Exercise brief – Leaving every picture out, repeat all of the entries below exactly.

Record extracts –
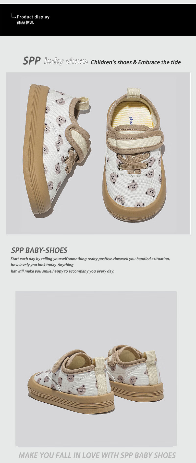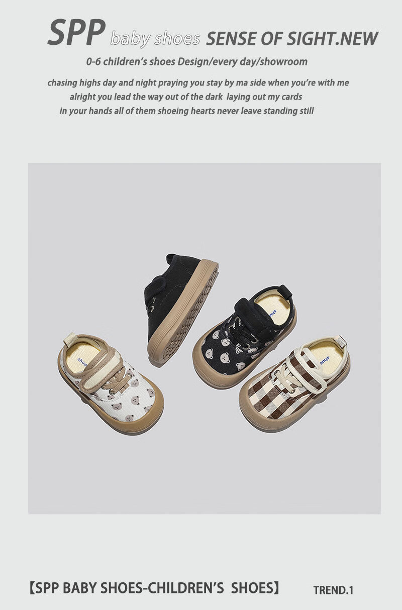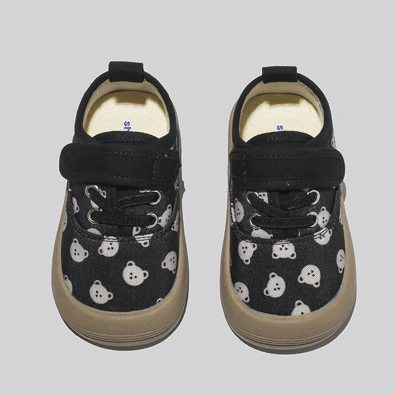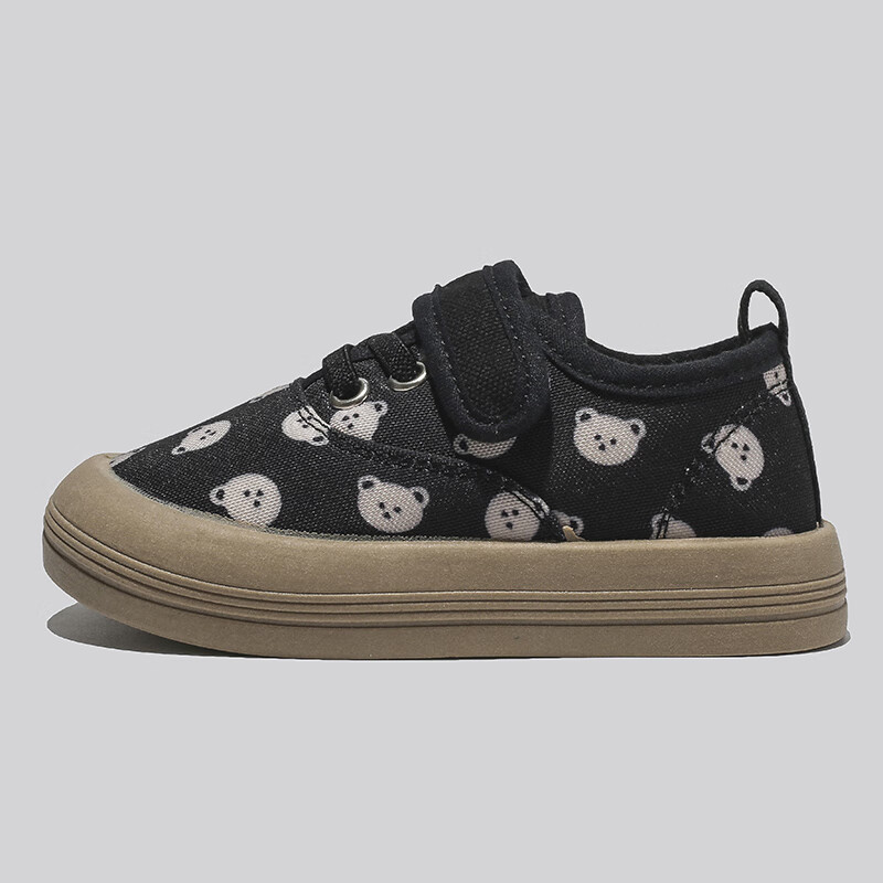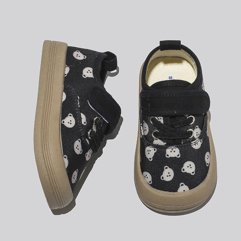 Clearance Autumn Korean Cartoon Bear Children Canvas Shoes for Boys and Girls Baby Casual Boys and Girls Shoes Bear Black 19 Inner Length 12.9cm
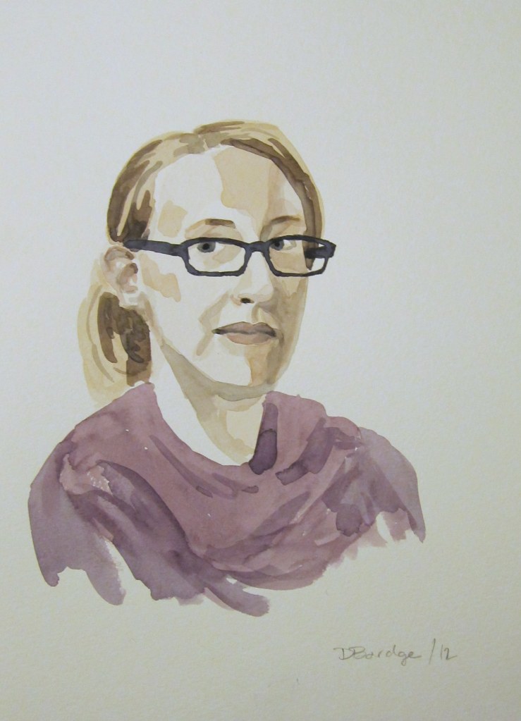 First post of 2012! I thought I was going to miss today, which would not be such a great way to start the year, but last night in the wee hours I finally made myself sit and paint. My husband pointed out that the style of this one looks a lot like comic book illustrations. I guess it’s hard not to make a watercolour portrait life-study look comic-bookish. That is, if you want to keep the graphic quality of the paint pooling which seems to be much of the point to watercolour. For me anyway.
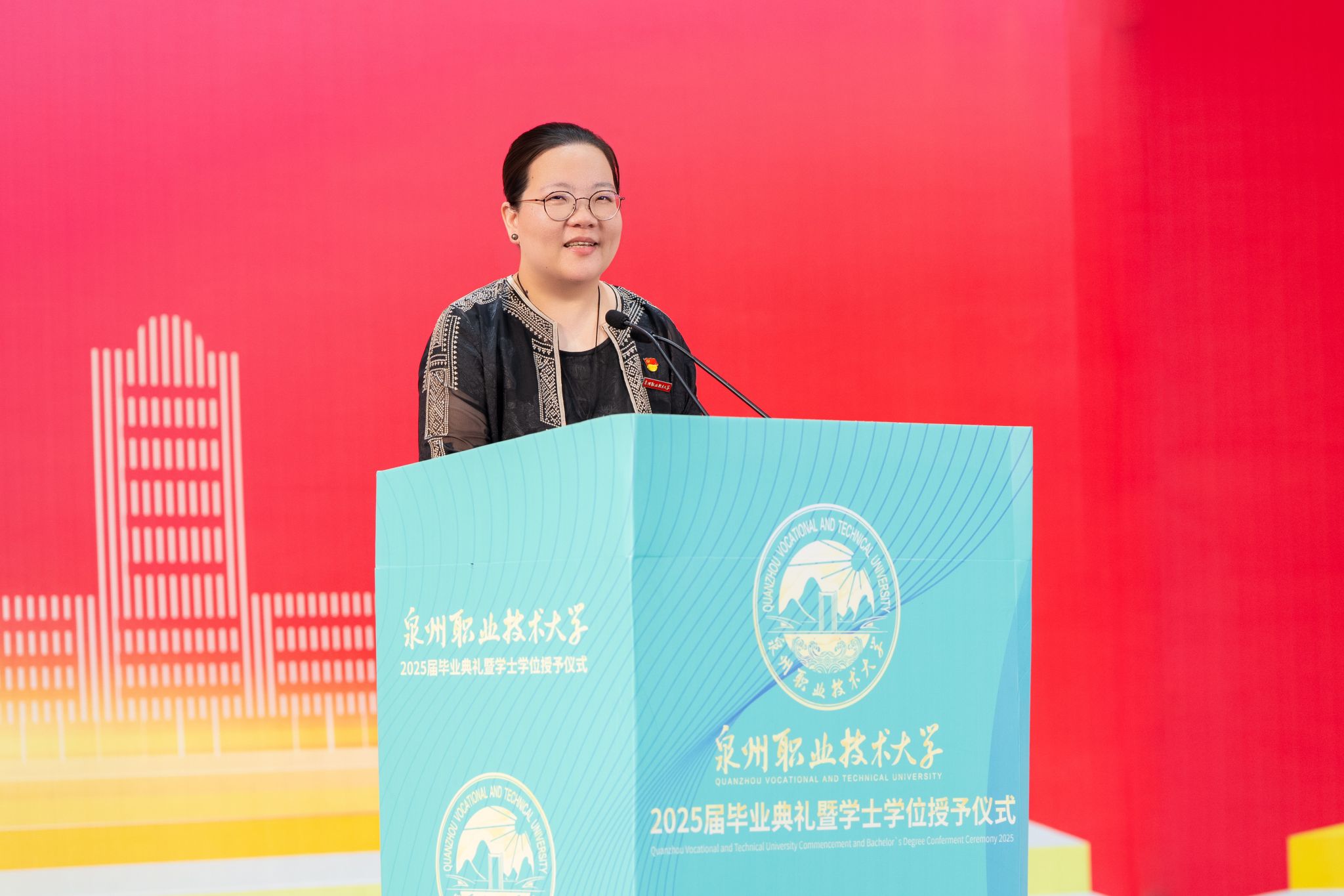教师代表、商学院院长姚宏伟以“青春折叠”为题发言,回顾自加入泉大以来,带领商学院推动商科数智化改革,建设安踏电商产业学院等,获全国党建样板支部、省级教学成果一等奖等成果,学生在技能大赛中屡创佳绩。
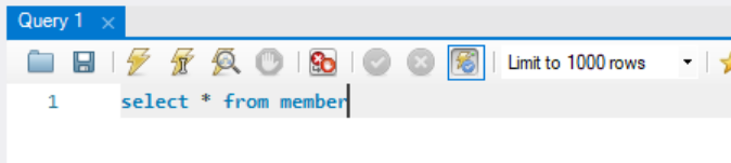 위와 같은 테이블을 생성했다고 하자. 테이블 이름은 member이다.
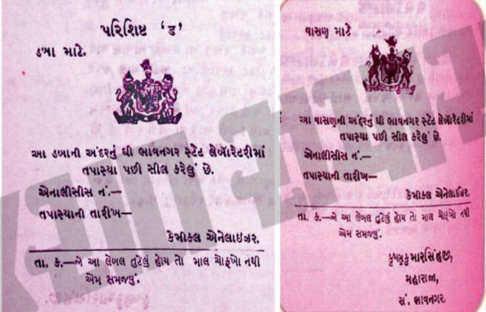 લોકોને શુદ્ધ ઘી મળી રહે તે માટે ભાવનગર રાજ્યએ શુદ્ધ ઘીનું પરીક્ષણ કરવા માટે લેબોરેટરી ઉભી કરી હતી અને ઘીનું પરીક્ષણ કર્યા બાદ તે બરાબર છે તેવું પ્રમાણપત્ર મેળવવું ફરજિયાત હતું અને તેને ઘીના ડબ્બા પર ચોંટાડી દેવામાં આવ્યું હતું.
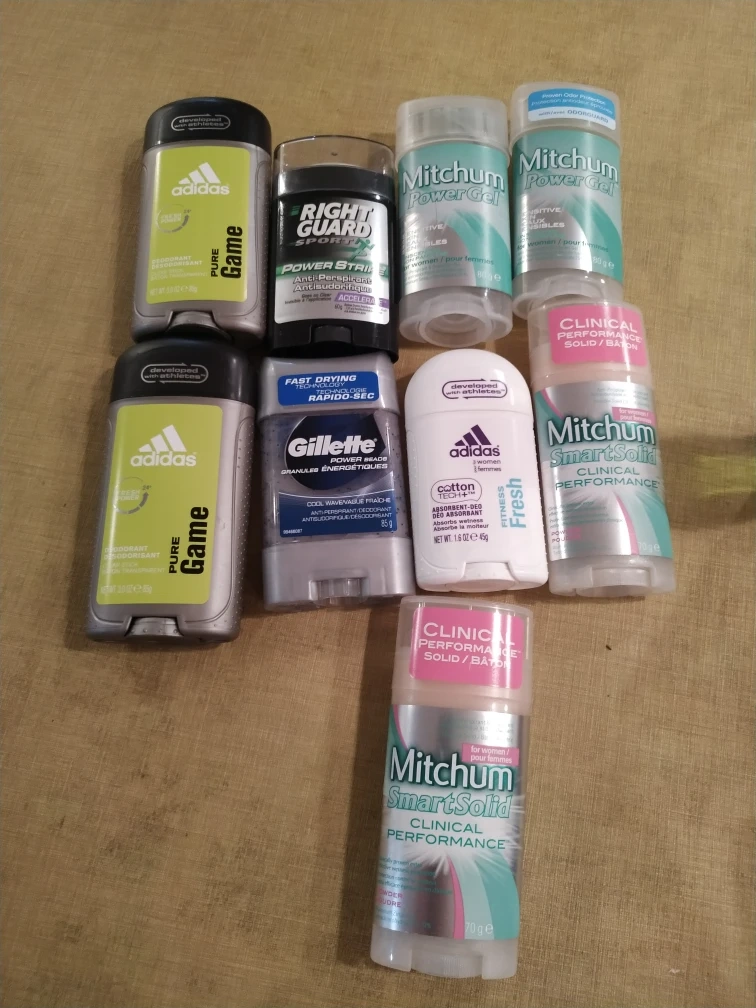 1000+Deodorant bundle - 9 different deodorants. Mostly stick deodorants. Some brand names include Adidas, Right Guard, Gillette, Mitchum, and more. $3 each
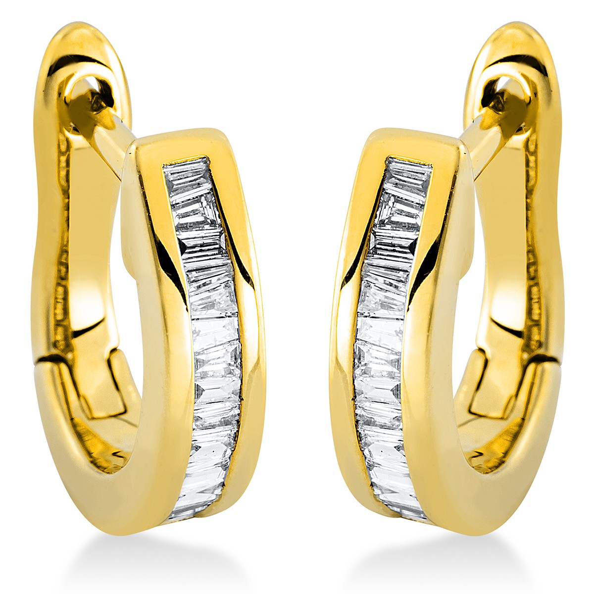 huggies 18 kt YG, 32 tapers 0,17 ct, G-vsi, h:11,2 mm, w:9,2 mm, th:2,8 mm
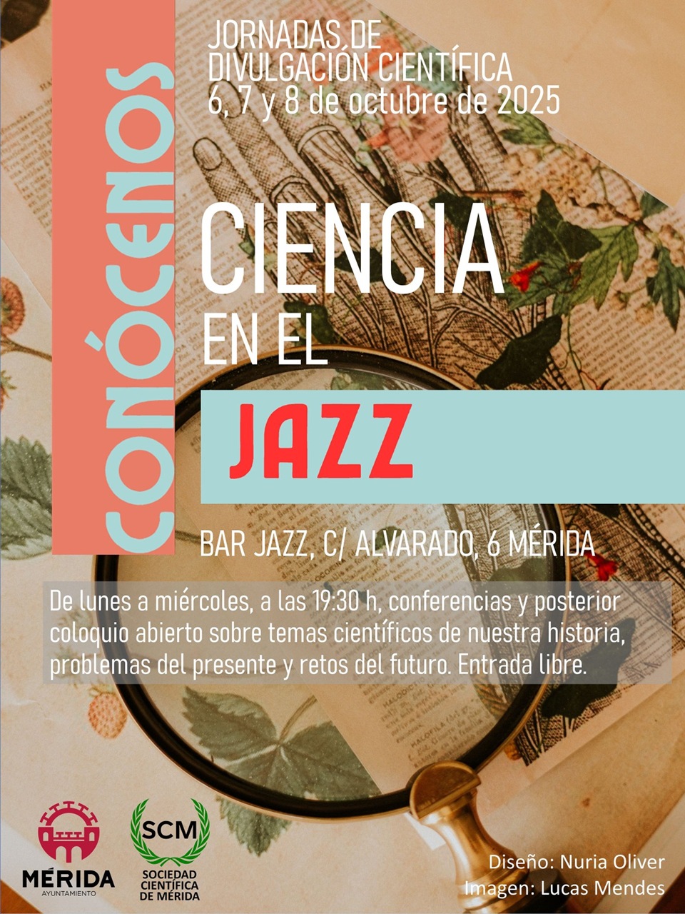 Los días 6, 7 y 8 de octubre, la Sociedad Científica de Mérida celebrará en al Jazz Bar Mérida las jornadas de difusión científica «Ciencia en el Jazz». Cada día, de lunes a miércoles, comenzando a las 19:30, habrá dos charlas sobre temas científicos de nuestra historia, nuestro presente y retos del futuro. Al final, habrá tiempo para preguntar y debatir. La entrada es libre hasta completar aforo.
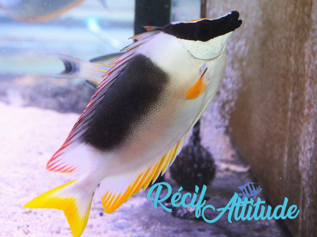 Poisson-lapin de la famille des Siganidae, reconnaissable à son corps blanc éclatant, ses nageoires et sa tête noires contrastées, ainsi qu’une tache jaune vif sur la queue. Élégant et actif, il apporte une touche unique aux aquariums récifaux tout en participant naturellement au contrôle des algues.
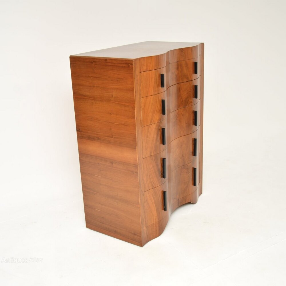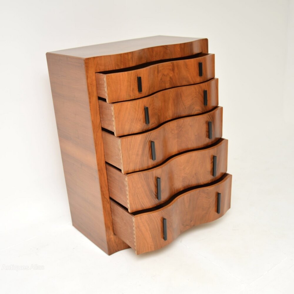 It is a great size and is of lovely quality, with an unusual and stylish serpentine shape to the front. There is lots of storage inside the generous drawers, which have finely crafted solid wood handles.There are stunning figured walnut grain patterns and colour tones throughout.
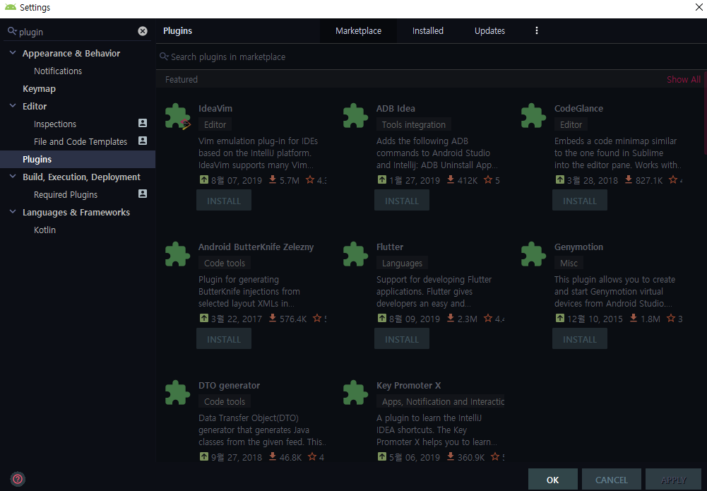 우선 안드로이드 스튜디오를 실행하고 [ File ] -> [ Setting ] 메뉴를 실행하여 검색창에 plugin을 입력한다.
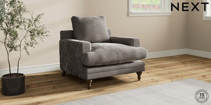 7.0.3 Buy Hutton Deep Relaxed Sit Armchair Distressed Velour French Grey Country Turned - Mid from the Next UK online shop Click here to use our accessible website
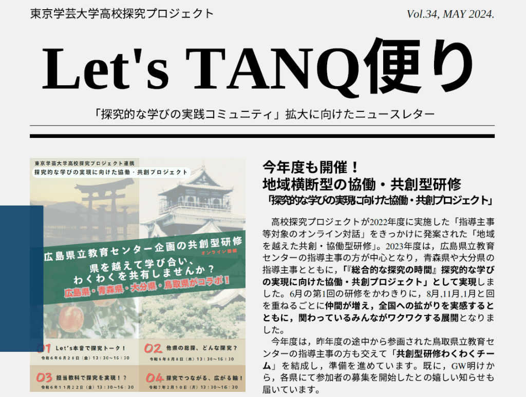 「高校探究プロジェクト」のニュースレター第34号を配信します!
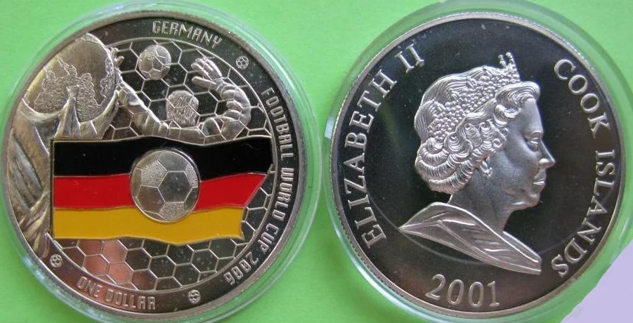 Розпочнімо з екзотики! Цей долар випущено монетним двором островів Кука. Одразу пригадуються слова класика: «Але чому аборигени з’їли Кука? За що - неясно, мовчить наука»... Так ось, цей «бакс» приурочений до Чемпіонату світу 2006-го року, що відбувся на полях Німеччини. Гарнезну монету з кольоровою емаллю, яку ви маєте змогу спостерігати, продають виключно в капсулі – а все тому, що зроблена вона в «пруфі», тобто має поліпшену технологію виготовлення, завдяки чому металеве кружальце може похизуватися чудовим дзеркальним блиском і абсолютно рівною досконалою поверхню без подряпинок, сколів чи бруду. Якщо ж на полі подібної монети ви при купівлі розгледите якійсь дефекти – можете сміливо збивати ціну!
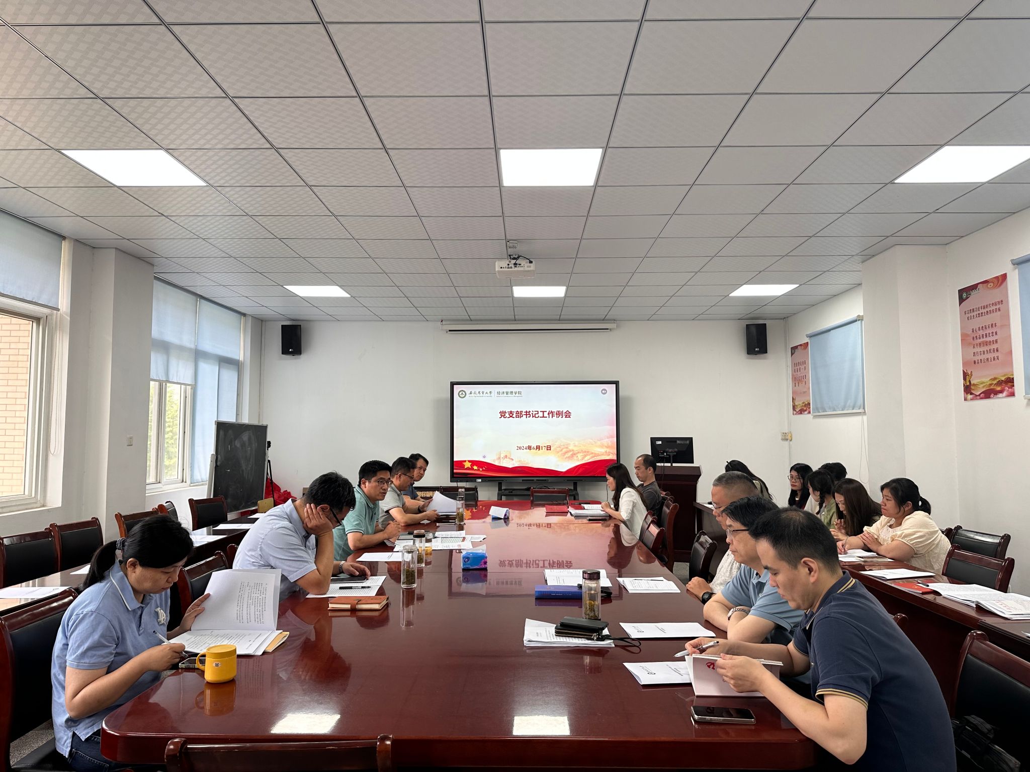 会议首先集中学习了《中共安徽农业大学委员会关于党内激励表彰工作实施办法(试行)》,并对党纪学习教育、“七一”表彰评选、毕业生党员档案核查、第二季度党费收缴等工作进行部署安排。

Solution –
 Clearance Autumn Korean Cartoon Bear Children Canvas Shoes for Boys and Girls Baby Casual Boys and Girls Shoes Bear Black 19 Inner Length 12.9cm
 First post of 2012! I thought I was going to miss today, which would not be such a great way to start the year, but last night in the wee hours I finally made myself sit and paint. My husband pointed out that the style of this one looks a lot like comic book illustrations. I guess it’s hard not to make a watercolour portrait life-study look comic-bookish. That is, if you want to keep the graphic quality of the paint pooling which seems to be much of the point to watercolour. For me anyway.
教师代表、商学院院长姚宏伟以“青春折叠”为题发言,回顾自加入泉大以来,带领商学院推动商科数智化改革,建设安踏电商产业学院等,获全国党建样板支部、省级教学成果一等奖等成果,学生在技能大赛中屡创佳绩。
 위와 같은 테이블을 생성했다고 하자. 테이블 이름은 member이다.
 લોકોને શુદ્ધ ઘી મળી રહે તે માટે ભાવનગર રાજ્યએ શુદ્ધ ઘીનું પરીક્ષણ કરવા માટે લેબોરેટરી ઉભી કરી હતી અને ઘીનું પરીક્ષણ કર્યા બાદ તે બરાબર છે તેવું પ્રમાણપત્ર મેળવવું ફરજિયાત હતું અને તેને ઘીના ડબ્બા પર ચોંટાડી દેવામાં આવ્યું હતું.
 1000+Deodorant bundle - 9 different deodorants. Mostly stick deodorants. Some brand names include Adidas, Right Guard, Gillette, Mitchum, and more. $3 each
 huggies 18 kt YG, 32 tapers 0,17 ct, G-vsi, h:11,2 mm, w:9,2 mm, th:2,8 mm
 Los días 6, 7 y 8 de octubre, la Sociedad Científica de Mérida celebrará en al Jazz Bar Mérida las jornadas de difusión científica «Ciencia en el Jazz». Cada día, de lunes a miércoles, comenzando a las 19:30, habrá dos charlas sobre temas científicos de nuestra historia, nuestro presente y retos del futuro. Al final, habrá tiempo para preguntar y debatir. La entrada es libre hasta completar aforo.
 Poisson-lapin de la famille des Siganidae, reconnaissable à son corps blanc éclatant, ses nageoires et sa tête noires contrastées, ainsi qu’une tache jaune vif sur la queue. Élégant et actif, il apporte une touche unique aux aquariums récifaux tout en participant naturellement au contrôle des algues.
 It is a great size and is of lovely quality, with an unusual and stylish serpentine shape to the front. There is lots of storage inside the generous drawers, which have finely crafted solid wood handles.There are stunning figured walnut grain patterns and colour tones throughout.
 우선 안드로이드 스튜디오를 실행하고 [ File ] -> [ Setting ] 메뉴를 실행하여 검색창에 plugin을 입력한다.
 7.0.3 Buy Hutton Deep Relaxed Sit Armchair Distressed Velour French Grey Country Turned - Mid from the Next UK online shop Click here to use our accessible website
 「高校探究プロジェクト」のニュースレター第34号を配信します!
 Розпочнімо з екзотики! Цей долар випущено монетним двором островів Кука. Одразу пригадуються слова класика: «Але чому аборигени з’їли Кука? За що - неясно, мовчить наука»... Так ось, цей «бакс» приурочений до Чемпіонату світу 2006-го року, що відбувся на полях Німеччини. Гарнезну монету з кольоровою емаллю, яку ви маєте змогу спостерігати, продають виключно в капсулі – а все тому, що зроблена вона в «пруфі», тобто має поліпшену технологію виготовлення, завдяки чому металеве кружальце може похизуватися чудовим дзеркальним блиском і абсолютно рівною досконалою поверхню без подряпинок, сколів чи бруду. Якщо ж на полі подібної монети ви при купівлі розгледите якійсь дефекти – можете сміливо збивати ціну!
 会议首先集中学习了《中共安徽农业大学委员会关于党内激励表彰工作实施办法(试行)》,并对党纪学习教育、“七一”表彰评选、毕业生党员档案核查、第二季度党费收缴等工作进行部署安排。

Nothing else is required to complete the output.